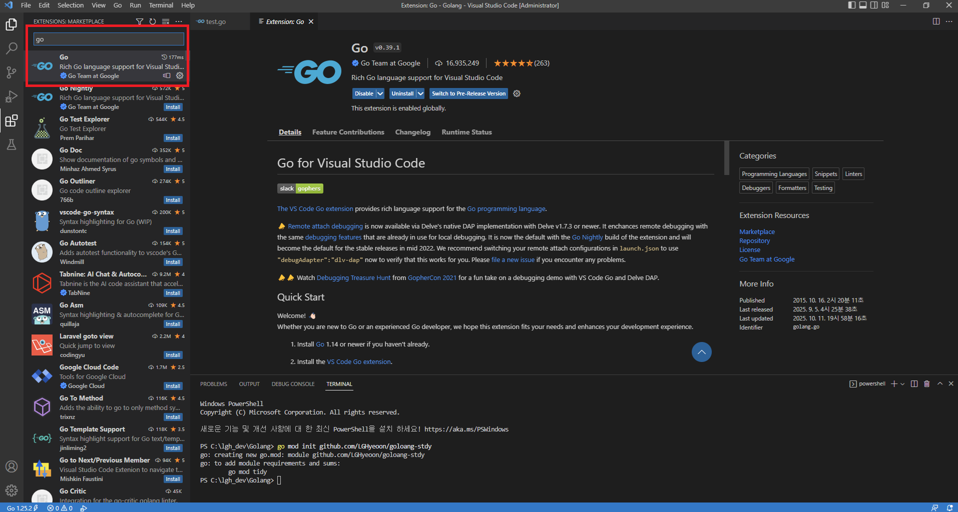 확장의 경우 크게 다운로드받을 것은 없고, "Go" 검색 후 가장 상단에 뜨는 플러그인을 다운로드하면 끝이다.
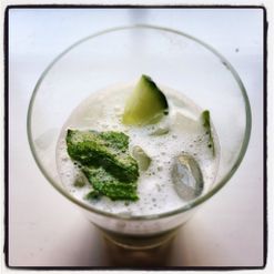 Savustettuja katkarapuja, chilejä ja limettiaiolia
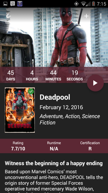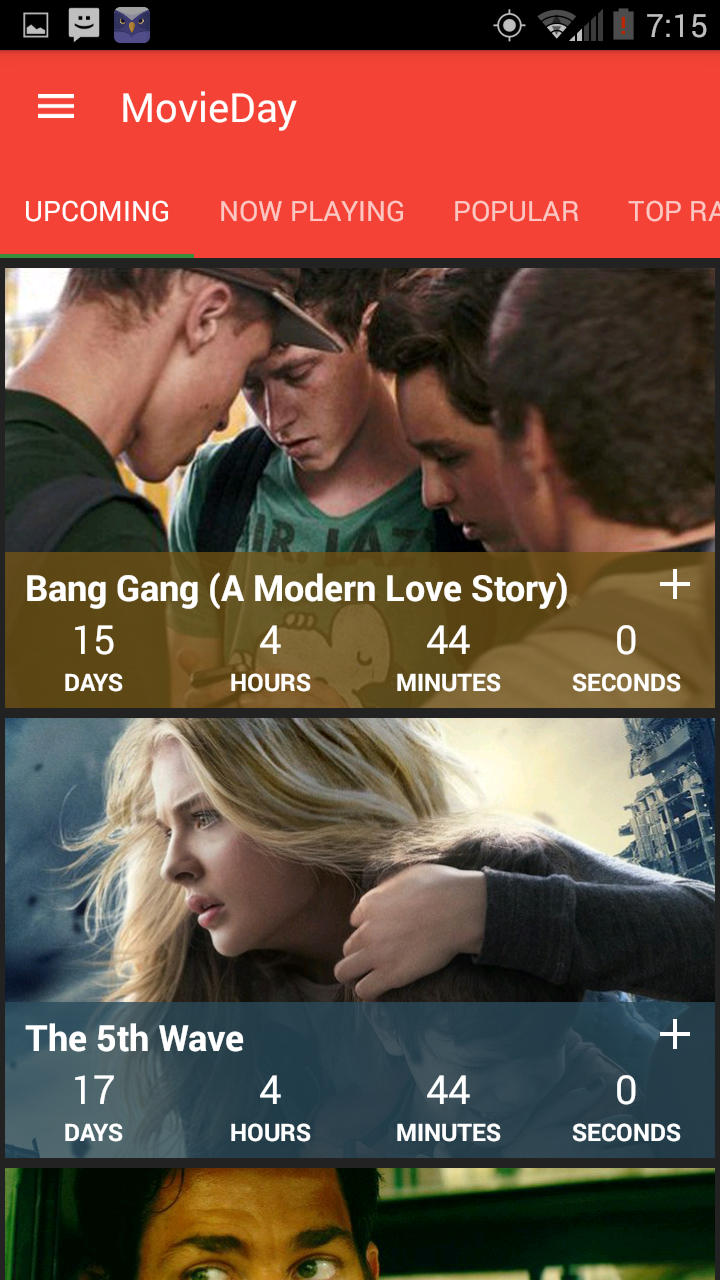 MovieDay has “Watched” and “Want To Watch” lists, so you keep the two separate. Its key feature is a countdown timer that is as specific as days, hours, minutes and even seconds till the movie’s first day. Plus what’s a countdown timer if it doesn’t notify you when a movie’s close to release? Well, MovieDay has got you covered; it notifies you of movies opening current week and when the countdown timer for a movie reaches zero. Each movie has its own set of colors, plot synopsis and more.
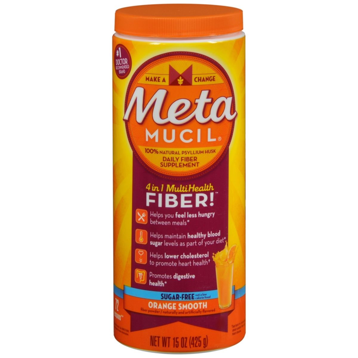 1 Rounded Teaspoon: Calories 20; Total Carb. 5 g; (Dietary Fiber 3 g [Soluble Fiber 2 g], Sugars 0 g); Iron 0.7 mg; Sodium 5 mg; Potassium 35 mg; Psyllium Husk; Maltodextrin; Citric Acid; Natural and Artificial Orange Flavor; Aspartame; Yellow 6
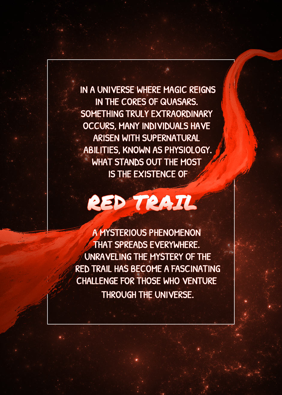 The Manga of Rimmon serves as an introduction to our work, allowing readers to become familiar with it. This exciting manga follows the story of the young members of the Kimugen Clan, such as Rimmon and Sari, whose society prohibits the use of powers derived from their physiology. Nevertheless, Sari, Rimmon's companion, encourages her to explore these powers. This leads Rimmon to face challenges, discover her true identity, and unravel the mystery of the Red Trail, an enigmatic path that spans the entire universe. Her courage drives her to confront unknown dangers on an epic journey, with the fate of the universe depending on her discoveries. We hope you enjoy it!
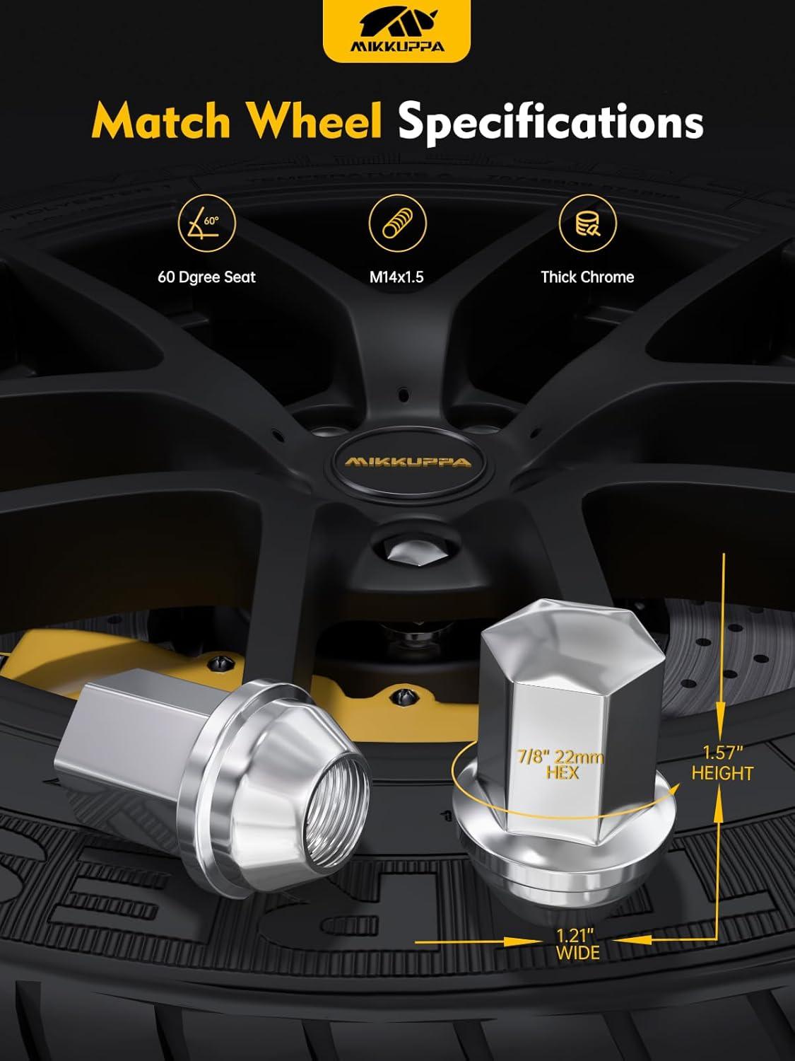 Be the first to review “MIKKUPPA 24pcs M14x1.5 Lug Nuts – Replacement for 2018-2022 Chevy Traverse, 2011-2017 Dodge Durango, 2014-2022 Chevy Silverado,1.57 inch Tall, 7/8 inch 22mm Hex, 14×1.5 Chrome OEM Factory Lug Nuts(Silver)”
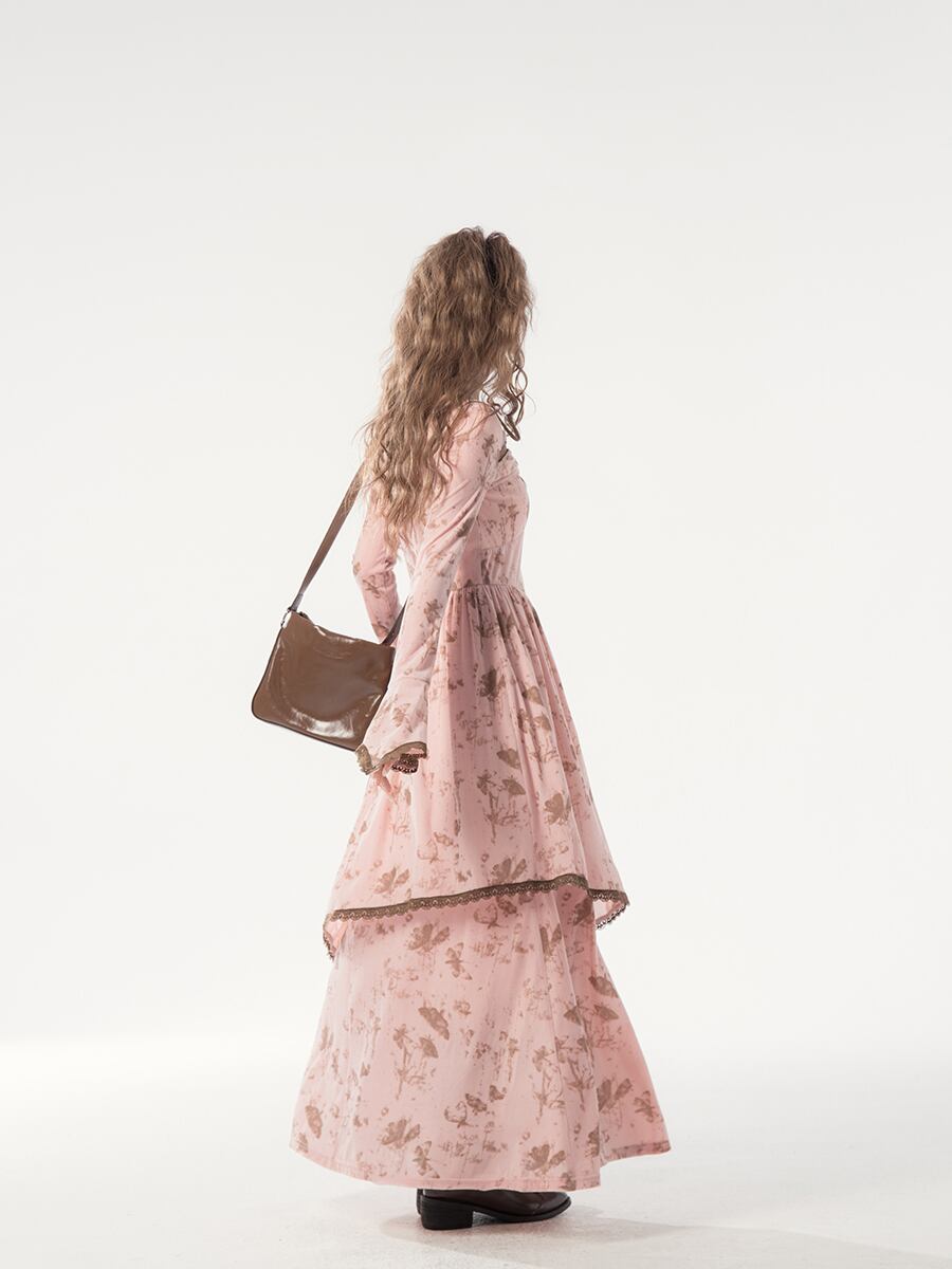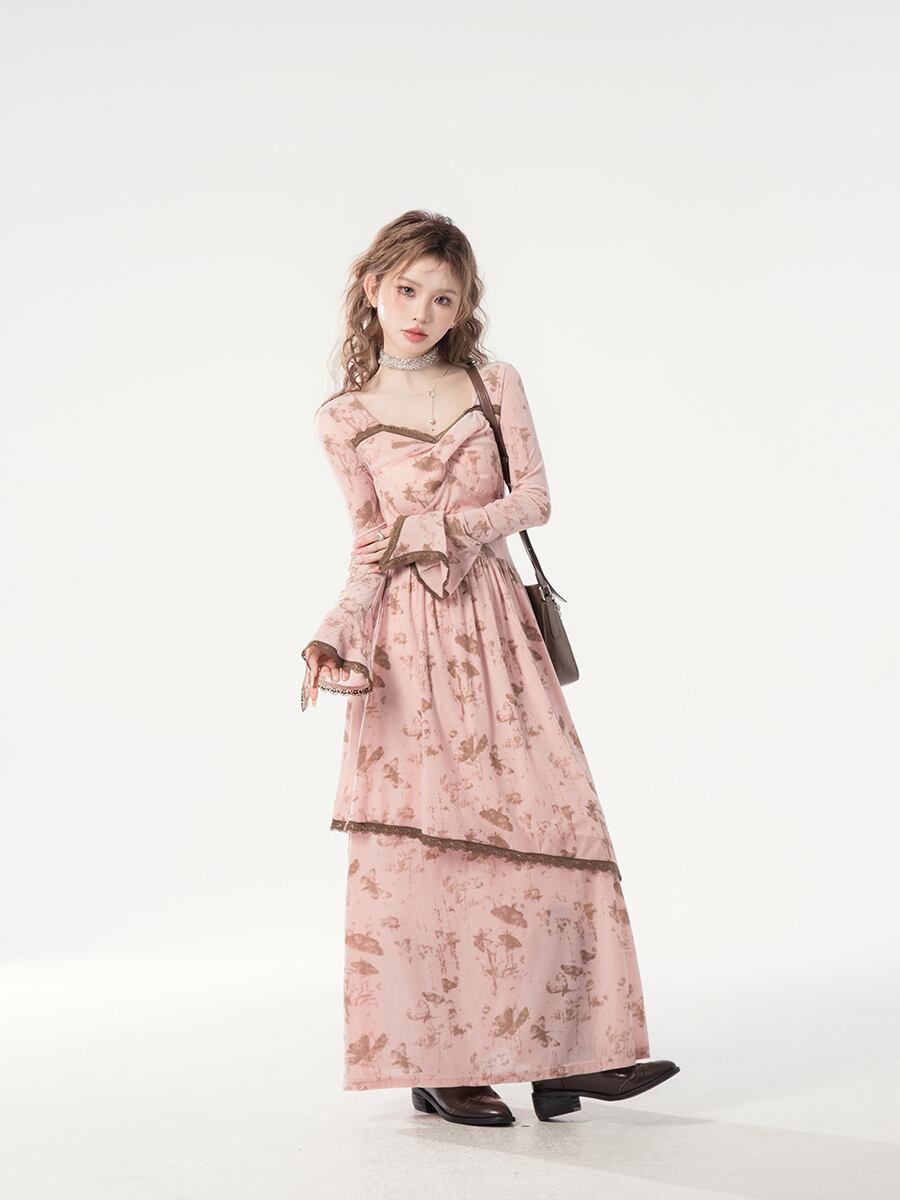 カフェローズ – ロングスリーブプリントドレス ♥A048
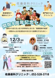 おかげさまで、佐藤歯科クリニックは今年で開院9周年を迎えます。 日頃の感謝の気持ちを込めて、患者様向けに無料の記念セミナーを開催いたします✨ 今回のテーマは 「歯科から伝える人生100年時代における “健康長寿の秘訣”」 〜家族みんなが生涯、自分のお口から食事をするために〜 ——食べること・話すこと・笑う...
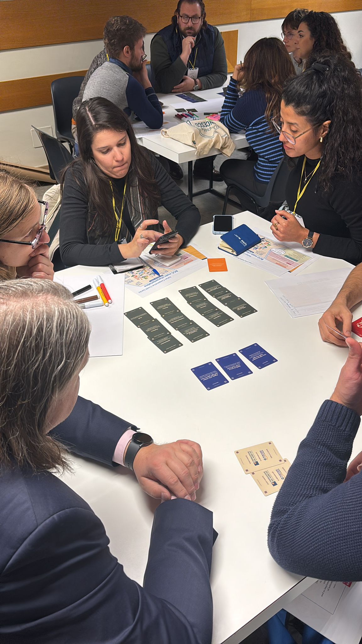 Divided into three diverse groups representing Latin America, North America, Europe, Africa, and beyond, participants received decks of value cards drawn from two complementary traditions: the contemporary Credito Cooperativo movement and the historical Monti di Pietà. Each group was tasked with selecting five core values to define their vision of the bank of the future, imagining financial institutions that could endure and maintain ethical consistency across at least fifty years.
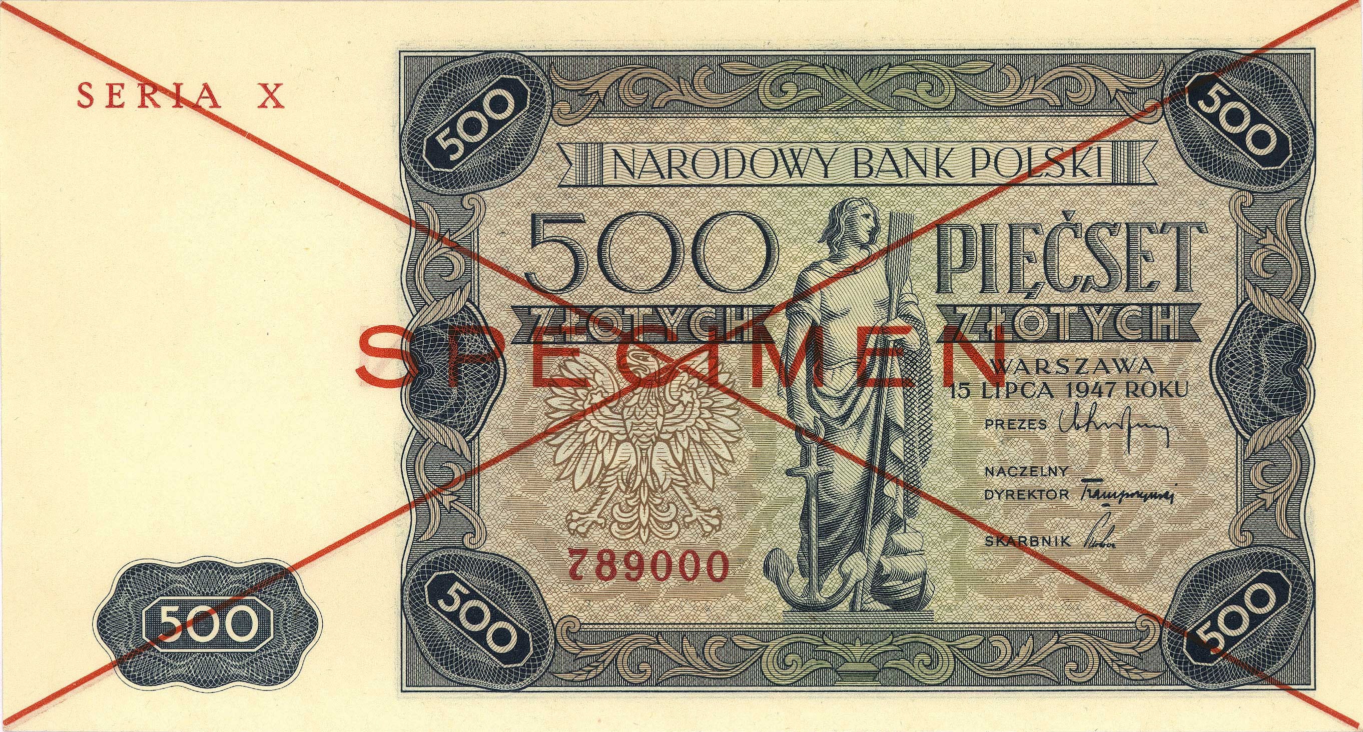 500 złotych 15.07.1947, seria X 789000, SPECIMEN, Miłcz...
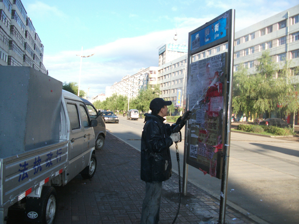 图为19日清晨,*执法局工作人员利用专业广告清洗机,对绥化七中路边的广告牌进行清洗。
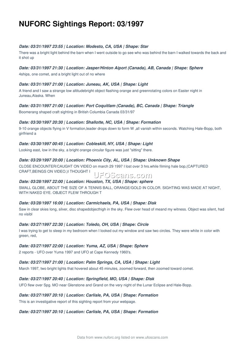 This document is a compilation of hundreds of individual UFO sighting reports submitted to NUFORC during March 1997. It is particularly notable for its extensive documentation of the Phoenix Lights event on March 13, 1997.
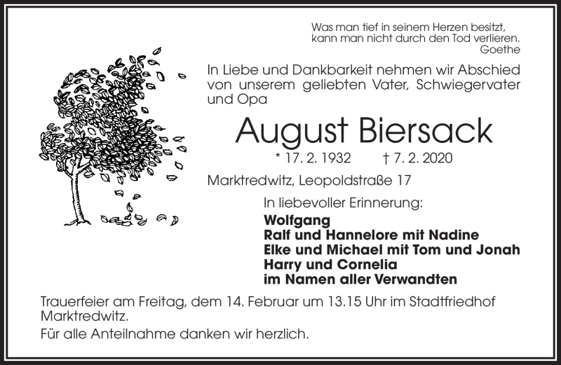 Hier finden Sie alle Traueranzeigen aus der Zeitung, die bisher für August Biersack erschienen sind. Weitere Traueranzeigen, die in der Zeitung erscheinen, werden hier ebenfalls aufgelistet

-------------------------

What this task involves
The answer should contain all the material above, copied exactly, and no images.

Response to the exercise
 확장의 경우 크게 다운로드받을 것은 없고, "Go" 검색 후 가장 상단에 뜨는 플러그인을 다운로드하면 끝이다.
 Savustettuja katkarapuja, chilejä ja limettiaiolia
 MovieDay has “Watched” and “Want To Watch” lists, so you keep the two separate. Its key feature is a countdown timer that is as specific as days, hours, minutes and even seconds till the movie’s first day. Plus what’s a countdown timer if it doesn’t notify you when a movie’s close to release? Well, MovieDay has got you covered; it notifies you of movies opening current week and when the countdown timer for a movie reaches zero. Each movie has its own set of colors, plot synopsis and more.
 1 Rounded Teaspoon: Calories 20; Total Carb. 5 g; (Dietary Fiber 3 g [Soluble Fiber 2 g], Sugars 0 g); Iron 0.7 mg; Sodium 5 mg; Potassium 35 mg; Psyllium Husk; Maltodextrin; Citric Acid; Natural and Artificial Orange Flavor; Aspartame; Yellow 6
 The Manga of Rimmon serves as an introduction to our work, allowing readers to become familiar with it. This exciting manga follows the story of the young members of the Kimugen Clan, such as Rimmon and Sari, whose society prohibits the use of powers derived from their physiology. Nevertheless, Sari, Rimmon's companion, encourages her to explore these powers. This leads Rimmon to face challenges, discover her true identity, and unravel the mystery of the Red Trail, an enigmatic path that spans the entire universe. Her courage drives her to confront unknown dangers on an epic journey, with the fate of the universe depending on her discoveries. We hope you enjoy it!
 Be the first to review “MIKKUPPA 24pcs M14x1.5 Lug Nuts – Replacement for 2018-2022 Chevy Traverse, 2011-2017 Dodge Durango, 2014-2022 Chevy Silverado,1.57 inch Tall, 7/8 inch 22mm Hex, 14×1.5 Chrome OEM Factory Lug Nuts(Silver)”
 カフェローズ – ロングスリーブプリントドレス ♥A048
 おかげさまで、佐藤歯科クリニックは今年で開院9周年を迎えます。 日頃の感謝の気持ちを込めて、患者様向けに無料の記念セミナーを開催いたします✨ 今回のテーマは 「歯科から伝える人生100年時代における “健康長寿の秘訣”」 〜家族みんなが生涯、自分のお口から食事をするために〜 ——食べること・話すこと・笑う...
 Divided into three diverse groups representing Latin America, North America, Europe, Africa, and beyond, participants received decks of value cards drawn from two complementary traditions: the contemporary Credito Cooperativo movement and the historical Monti di Pietà. Each group was tasked with selecting five core values to define their vision of the bank of the future, imagining financial institutions that could endure and maintain ethical consistency across at least fifty years.
 500 złotych 15.07.1947, seria X 789000, SPECIMEN, Miłcz...
 图为19日清晨,*执法局工作人员利用专业广告清洗机,对绥化七中路边的广告牌进行清洗。
 This document is a compilation of hundreds of individual UFO sighting reports submitted to NUFORC during March 1997. It is particularly notable for its extensive documentation of the Phoenix Lights event on March 13, 1997.
 Hier finden Sie alle Traueranzeigen aus der Zeitung, die bisher für August Biersack erschienen sind. Weitere Traueranzeigen, die in der Zeitung erscheinen, werden hier ebenfalls aufgelistet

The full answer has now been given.